Notice of Pre-AIA  or AIA  Status
The present application, filed on or after March 16, 2013, is being examined under the first inventor to file provisions of the AIA .
A request for continued examination under 37 CFR 1.114, including the fee set forth in 37 CFR 1.17(e), was filed in this application after final rejection.  Since this application is eligible for continued examination under 37 CFR 1.114, and the fee set forth in 37 CFR 1.17(e) has been timely paid, the finality of the previous Office action has been withdrawn pursuant to 37 CFR 1.114.  Applicants’ submission filed on 1/28/2021 has been entered.

DETAILED ACTION
The instant application having Application No. 16029052 has a total of 20 claims pending in the application. 


Claim Rejections - 35 USC § 103
	In the event the determination of the status of the application as subject to AIA  35 U.S.C. 102 and 103 (or as subject to pre-AIA  35 U.S.C. 102 and 103) is incorrect, any correction of the statutory basis for the rejection will not be considered a new ground of rejection if the prior art relied upon, and the rationale supporting the rejection, would be the same under either status.  

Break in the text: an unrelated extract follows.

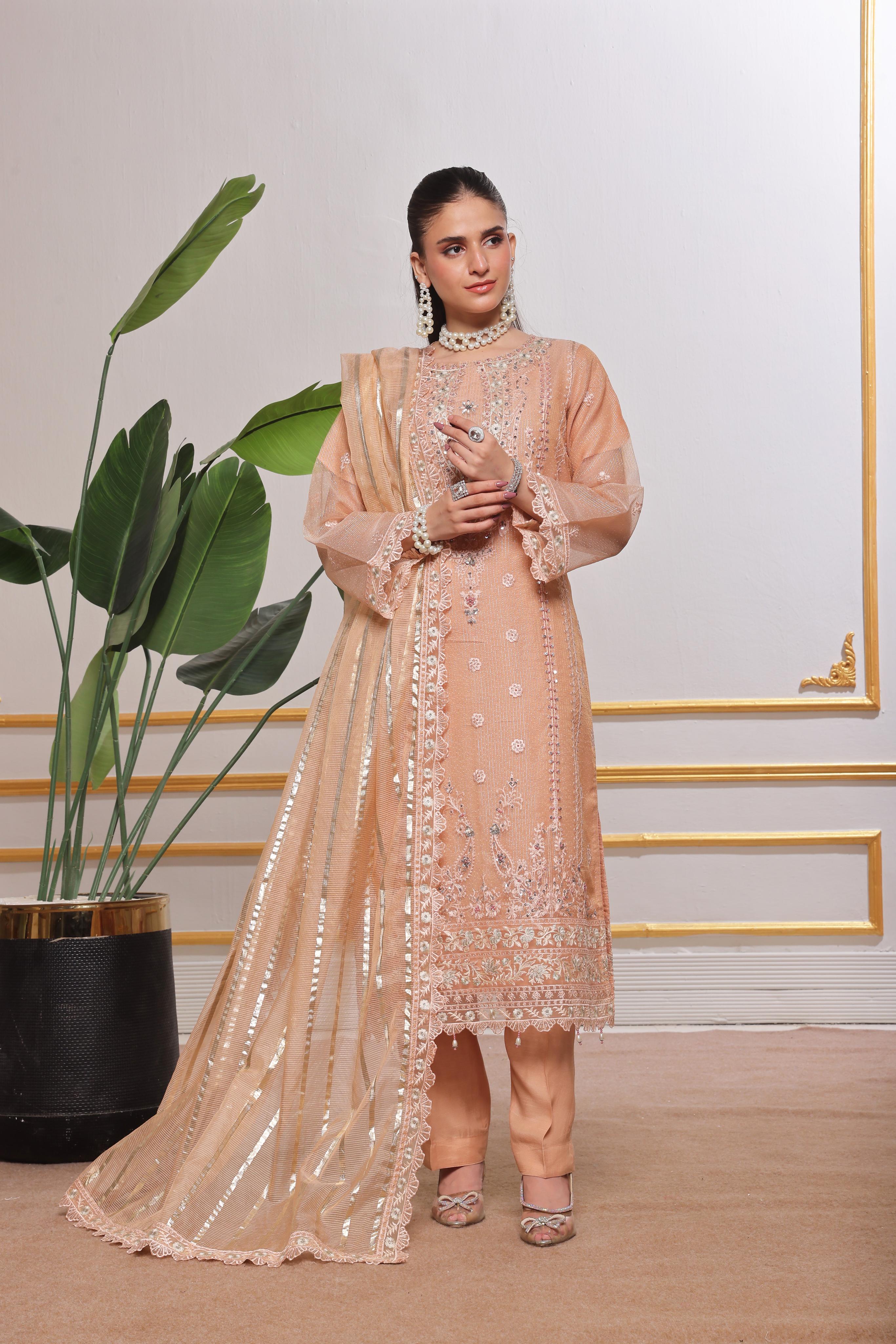 Semi-stitched Zari Aiyudiya Net shirt — elegantly adorned with soft shimmer, airy flow, and a designer fall, perfect for tailored fitting.

The following is a quotation of 35 U.S.C. 103 which forms the basis for all obviousness rejections set forth in this Office action:
A patent for a claimed invention may not be obtained, notwithstanding that the claimed invention is not identically disclosed as set forth in section 102, if the differences between the claimed invention and the prior art are such that the claimed invention as a whole would have been obvious before the effective filing date of the claimed invention to a person having ordinary skill in the art to which the claimed invention pertains. Patentability shall not be negated by the manner in which the invention was made.

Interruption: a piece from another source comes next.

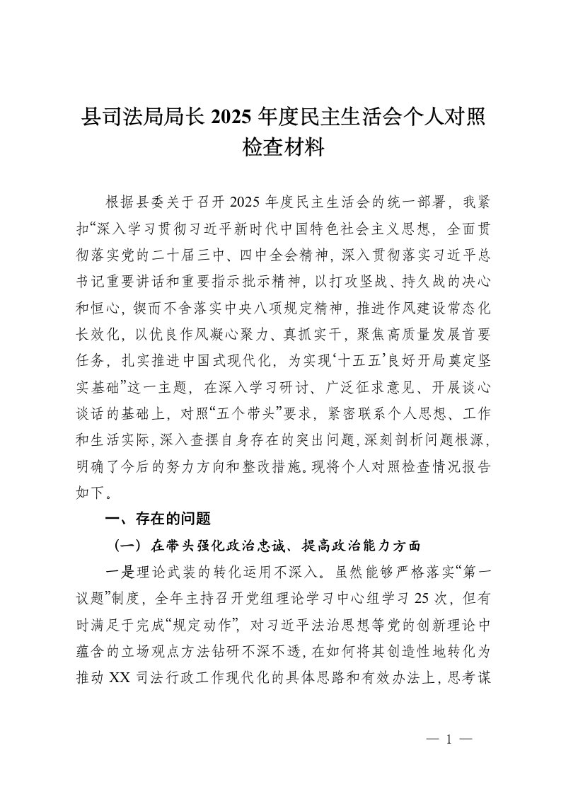 县农业农村局党组书记2025年度民主生活会个人对照检查

Claims 1-4, 6, 8-14, 13, 15-18 and 20 are rejected under 35 U.S.C. 103 as being unpatentable over Agrawal et al (US 6233575 B1) in view of Zheng (US 20150058320 A1), Swaminathan et al (US 20120011150 A1), Nissen (US 20150227590 A1),  and Sirat et al (US 5218646 A).
	As per claims 1, 8 and 15, Agrawal discloses, “A computer-implemented method comprising: deploying… to search in documents retrieved from a plurality of web-based data sources for, based on one or more domain keywords, a domain knowledge dataset comprising a plurality of domain knowledge data instances” (C10, particularly L24-38; EN: this denotes gathering training data for the system via a webcrawler, which will make use of key words, to find examples of topic documents to use. Each document is a domain knowledge data instance). “Each domain knowledge data instance in the plurality of domain knowledge data instances comprising a plurality of property values for a plurality of properties” (C10, particularly L47-58; EN: this denotes taking statistics based on terms (i.e. property values for a plurality of properties)). “Each property value in the plurality of property values corresponding to a respective property in the plurality of properties” (C10, particularly L47-58; EN: this denotes taking statistics based on terms (i.e. property values for a plurality of properties)).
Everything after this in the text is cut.